African Cemetery No. 2, Lexington, KY
African Cemetery No. 2, Lexington, KY

Lexington,

KY

United States

African Cemetery No. 2

Established in 1869 on four-acres of undeveloped land in northeastern Lexington, this site was designed, built, and maintained by The Colored Peoples Union Benevolent Society No. 2 (UBS No. 2). The purchase of an additional four, contiguous acres in 1875 gave the UBS No. 2 the space to bury orphans, poor, or homeless individuals in the African American community. In 1889 some 300 bodies were reinterred from the nearby Presbyterian Cemetery, which was bought for commercial and industrial development. The following year, a superintendent’s residence was constructed. Supported by membership dues, the site became the most widely used African American cemetery in the city. With the dissolution of the UBS No. 2 in the 1940s, along with encroaching development and a disruptive railroad easement, the cemetery gradually declined. In 1973 the city took control of the cemetery, with new burials ceased the following year.

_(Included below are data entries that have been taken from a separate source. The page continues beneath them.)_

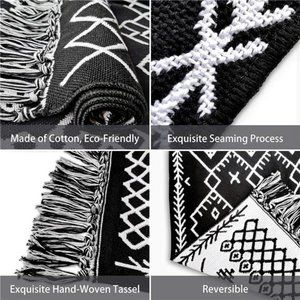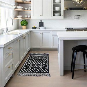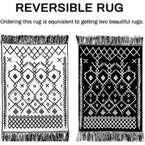 Upgraded Boho Bathroom Rug 2'x3',100% Woven Boho Rug for Bedroom Black White Rug
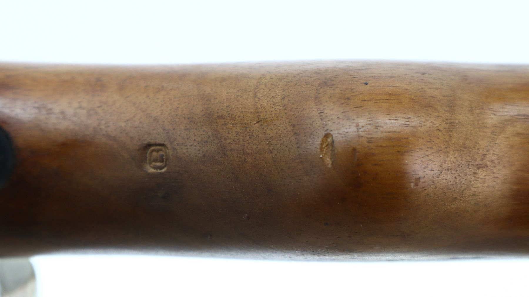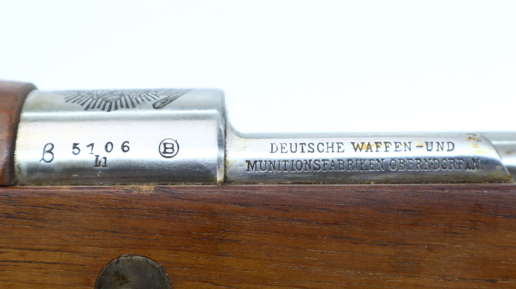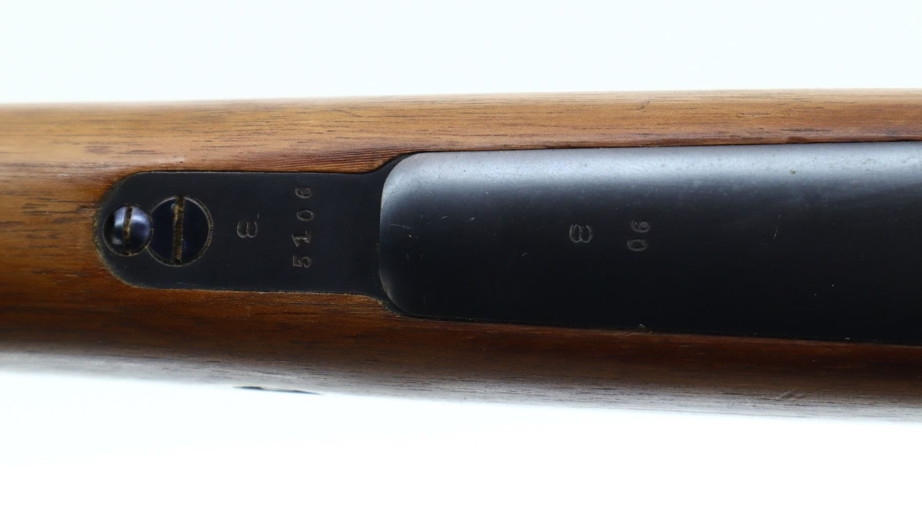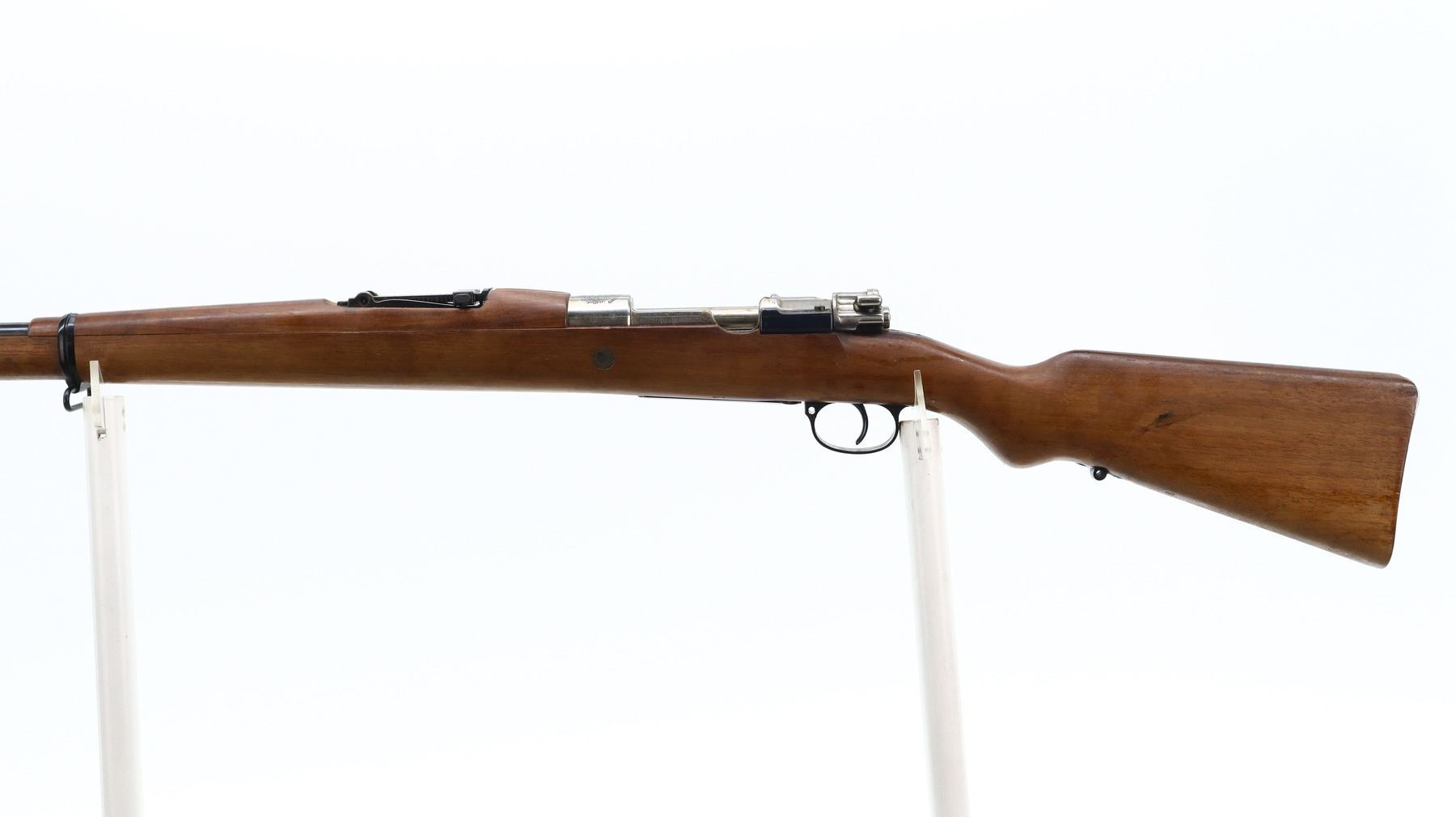 8/10, BRAZILIAN MAUSER, MODEL: 1908, CALIBER:7MM MAUSER, COMES WITH BROKEN MUZZLE COVER, BORE IS EXCELLENT. MANUFACTURED DWM, VISIBLE SERIAL NUMBERS MATCH. BARLEY CORN FRONT SIGHT WITH RAMP, ADJUSTABLE U NOTCHED REAR SIGHT, BLUED FINISH, SILVER RECEIVER WITH BRAZILIAN CREST, STRAIGHT BOLT HANDLE. TWO PIECE FULL MILITARY WOOD STOCKS, PISTOL GRIP, SMOOTH STEEL BUTT PLATE, SILVER STEEL STOCK DISK, REAR SWIVEL STUDS, FRONT SWIVEL, CLEANING ROD, BAYONET LUG. METAL FINISH SHOWS SOME SCRATCHES AND HANDLING MARKS. STOCKS SHOW SOME MARKS AND SCRATCHES. , ACTION: BOLT ACTION RIFLE, BARREL LENGTH: 29.25", SERIAL # B5106, CONDITION: 8/10, CLASS: CANADIAN NON RESTRICTED
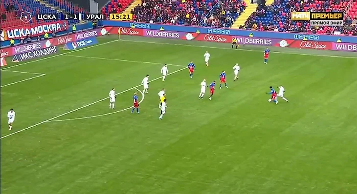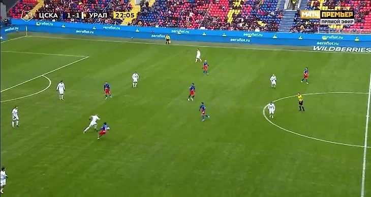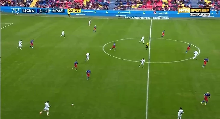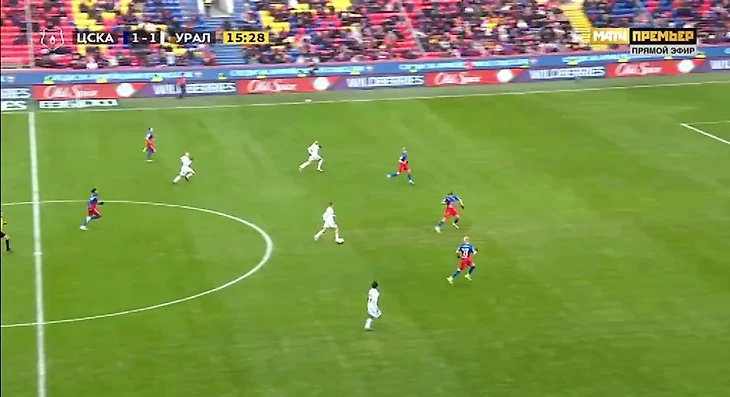 А вот Бикфалви удаётся обокрасть Гбамена на своей половине поля. Тройка центральных защитников ЦСКА снова остаётся изолированной. Тут же следует контратака, в которой «Урал» создаёт численный перевес.
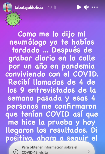 Asimismo, Tábata Jalil contó que seguirá un tratamiento y que incluso su neumólogo le informó que ya se había tardado a dar positivo al covid-19:

Surrounded on all sides by the city’s street grid and edged by a cast-iron fence, the flat, eight-acre cemetery contains more than 600 grave markers and 5,000 belowground burials. The headstones are spaced evenly in rows, oriented inward towards two grass pathways that run from Seventh Street to the railroad tracks that border the back of the cemetery. Pink flowering crape myrtle trees and shrubs line the front of the paths. Groupings of mature oak trees shade the southern and eastern edges. Burials include several prominent jockeys who contributed to the rise of Lexington’s horse racing industry, including Oliver Lewis who won the first Kentucky Derby. The burial ground is also the resting place of veterans of various conflicts from the Civil War to World War II. The cemetery was added to the National Register of Historic Places in 2004.